Excerpted records:
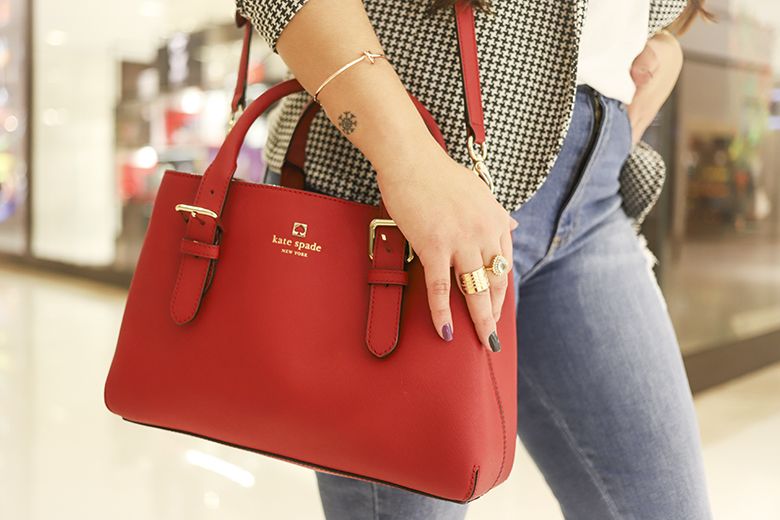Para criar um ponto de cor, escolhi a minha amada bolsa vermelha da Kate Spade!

---

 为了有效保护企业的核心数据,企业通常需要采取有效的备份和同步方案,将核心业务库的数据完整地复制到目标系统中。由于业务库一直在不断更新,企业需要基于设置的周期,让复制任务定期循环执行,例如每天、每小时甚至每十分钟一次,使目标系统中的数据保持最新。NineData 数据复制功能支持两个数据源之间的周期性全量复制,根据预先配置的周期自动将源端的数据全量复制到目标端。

---

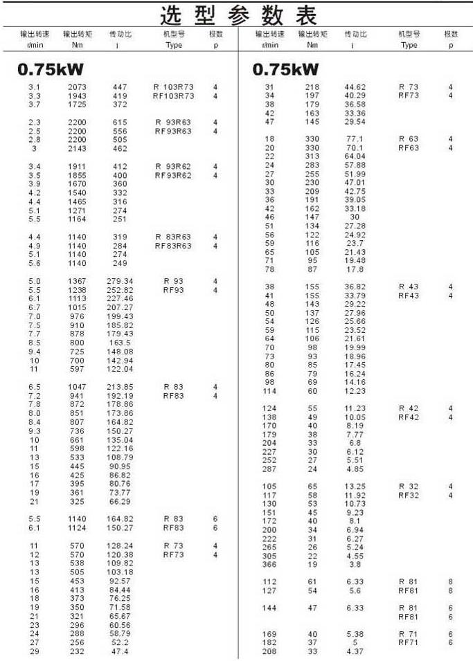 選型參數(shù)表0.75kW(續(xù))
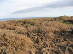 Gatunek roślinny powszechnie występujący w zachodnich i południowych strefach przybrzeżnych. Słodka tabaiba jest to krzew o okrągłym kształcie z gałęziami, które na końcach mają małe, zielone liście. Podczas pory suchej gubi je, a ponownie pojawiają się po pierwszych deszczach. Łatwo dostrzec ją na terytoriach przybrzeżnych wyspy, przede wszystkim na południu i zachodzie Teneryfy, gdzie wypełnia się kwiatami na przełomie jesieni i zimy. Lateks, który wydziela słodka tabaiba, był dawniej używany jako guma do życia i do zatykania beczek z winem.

Task:
Both boundary lines included, write out word for word only the lines above from the one containing "選型參數(shù)表0.75kW(續(xù))" to the one containing "Gatunek roślinny powszechnie", leaving out any pictures.

Expected answer:
 選型參數(shù)表0.75kW(續(xù))
 Gatunek roślinny powszechnie występujący w zachodnich i południowych strefach przybrzeżnych. Słodka tabaiba jest to krzew o okrągłym kształcie z gałęziami, które na końcach mają małe, zielone liście. Podczas pory suchej gubi je, a ponownie pojawiają się po pierwszych deszczach. Łatwo dostrzec ją na terytoriach przybrzeżnych wyspy, przede wszystkim na południu i zachodzie Teneryfy, gdzie wypełnia się kwiatami na przełomie jesieni i zimy. Lateks, który wydziela słodka tabaiba, był dawniej używany jako guma do życia i do zatykania beczek z winem.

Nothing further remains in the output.